Good recording was achieved when a modulation current of 200 mA was applied. When a recording magnetic field of 0.5 MHz was newly applied to this recording track under the same conditions, recording corresponding to this recording magnetic field was achieved, and the previously recorded signal remained for 28 d.
B, and it was found to be sufficiently practical.

〔Effect of the invention〕

As described above, according to the present invention, since an integrated high permeability magnetic material having multiple parallel coils is used on one side of the magneto-optical disk, the inductance of the coil can be reduced and high-speed switching of large magnetic fields can be achieved. It is possible to provide a magnetic field applying electromagnet for a magneto-optical disk that is possible and has high magnetic flux utilization efficiency.

Therefore, the magneto-optical recording and reproducing method has the effect of realizing override performance that allows desired recording to be performed directly without requiring the conventional batch erasing.
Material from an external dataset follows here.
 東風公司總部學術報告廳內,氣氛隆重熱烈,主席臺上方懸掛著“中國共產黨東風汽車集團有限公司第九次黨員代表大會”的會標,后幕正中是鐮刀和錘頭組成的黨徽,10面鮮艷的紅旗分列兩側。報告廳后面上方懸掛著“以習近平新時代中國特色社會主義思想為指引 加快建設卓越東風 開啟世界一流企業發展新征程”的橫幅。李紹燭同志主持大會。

Furthermore, since the high permeability magnetic material is provided only on one side of the magneto-optical disk, the high permeability magnetic material can be moved using a piezoelectric element, which has the effect of making it easier to handle the magneto-optical disk.
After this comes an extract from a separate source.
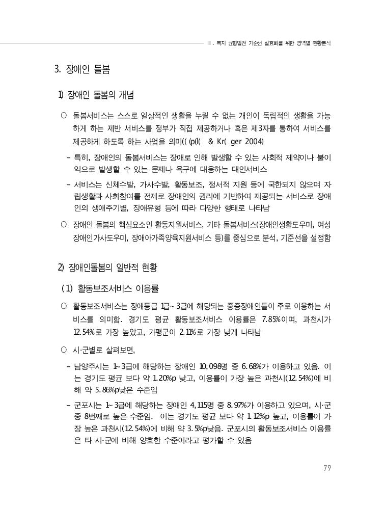 Ⅲ. 복지 균형발전 기준선 실효화를 위한 영역별 현황분석 79 3. 장애인 돌봄 1) 장애인 돌봄의 개념 ○ 돌봄서비스는 스스로 일상적인 생활을 누릴 수 없는 개인이 독립적인 생활을 가능 하게 하는 제반 서비스를 정부가 직접 제공하거나 혹은 제3자를 통하여 서비스를 제공하게 하도록 하는 사업을 의미(((p(l( & Kr(ger 2004) - 특히, 장애인의 돌봄서비스는 장애로 인해 발생할 수 있는 사회적 제약이나 불이 익으로 발생할 수 있는 문제나 욕구에 대응하는 대인서비스 - 서비스는 신체수발, 가사수발, 활동보조, 정서적 지원 등에 국한되지 않으며 자 립생활과 사회참여를 전제로 장애인의 권리에 기반하여 제공되는 서비스로 장애 인의 생애주기별, 장애유형 등에 따라 다양한 형태로 나타남 ○ 장애인 돌봄의 핵심요소인 활동지원서비스, 기타 돌봄서비스(장애인생활도우미, 여성 장애인가사도우미, 장애아가족양육지원서비스 등)를 중심으로 분석, 기준선을 설정함 2) 장애인돌봄의 일반적 현황 (1) 활동보조서비스 이용률 ○ 활동보조서비스는 장애등급 1급~3급에 해당되는 중증장애인들이 주로 이용하는 서 비스를 의미함. 경기도 평균 활동보조서비스 이용률은 7.85%이며, 과천시가 12.54%로 가장 높았고, 가평군이 2.11%로 가장 낮게 나타남 ○ 시·군별로 살펴보면, - 남양주시는 1~3급에 해당하는 장애인 10,098명 중 6.68%가 이용하고 있음. 이 는 경기도 평균 보다 약 1.20%p 낮고, 이용률이 가장 높은 과천시(12.54%)에 비 해 약 5.86%p낮은 수준임 - 군포시는 1~3급에 해당하는 장애인 4,115명 중 8.97%가 이용하고 있으며, 시·군 중 8번째로 높은 수준임. 이는 경기도 평균 보다 약 1.12%p 높고, 이용률이 가 장 높은 과천시(12.54%)에 비해 약 3.5%p낮음. 군포시의 활동보조서비스 이용률 은 타 시·군에 비해 양호한 수준이라고 평가할 수 있음

[Brief explanation of the drawing]

1 is a configuration diagram of an embodiment of the present invention, FIG. 2 is a circuit diagram of FIG. 1, FIG. 3 is a configuration diagram of the embodiment of FIG. 1 applied to a magneto-optical disk device, and FIG. The figure is an operational mode diagram of the recording of FIG. 3. DESCRIPTION OF SYMBOLS 1... High permeability magnetic material, 2... First parallel coil group, 3... Second parallel coil group, 4... Electromagnet drive circuit, 5... Piezoelectric element, 6...・Piezoelectric element drive circuit, 1
DESCRIPTION OF SYMBOLS 1... Optical disk substrate, 12... Optical disk magnetic medium, 31... Magneto-optical recording head, 32... Laser light source, 33.34.35... Beam splitter, 36
... Laser light beam condensing lens, 37... Actuator, 38... Light receiving element for focus error signal detection, 39... Light receiving element for tracking signal detection, 40
．． 41... Servo control circuit, 42... Polarizing filter, 43... Light receiving element for detecting reproduced signal, 44... Amplifying circuit, 45... Laser light source modulation circuit.

Claims (1)

[Claims] A high permeability magnetic strip placed on one side of the magneto-optical disk and n coils installed in the middle of this high permeability magnetic material and generating magnetic fields in the same direction are electrically connected in parallel. The first parallel coil group consists of one parallel coil group and a second parallel coil group in which n coils that generate a magnetic field in the opposite direction to the first parallel coil group are electrically connected in parallel. It is characterized by having an electromagnet that has three terminals as a whole by connecting one terminal of the coil group and the second parallel coil group, and a piezoelectric element that moves this electromagnet perpendicularly to the surface of the magneto-optical disk. Magnetic field applying electromagnet for magneto-optical disks.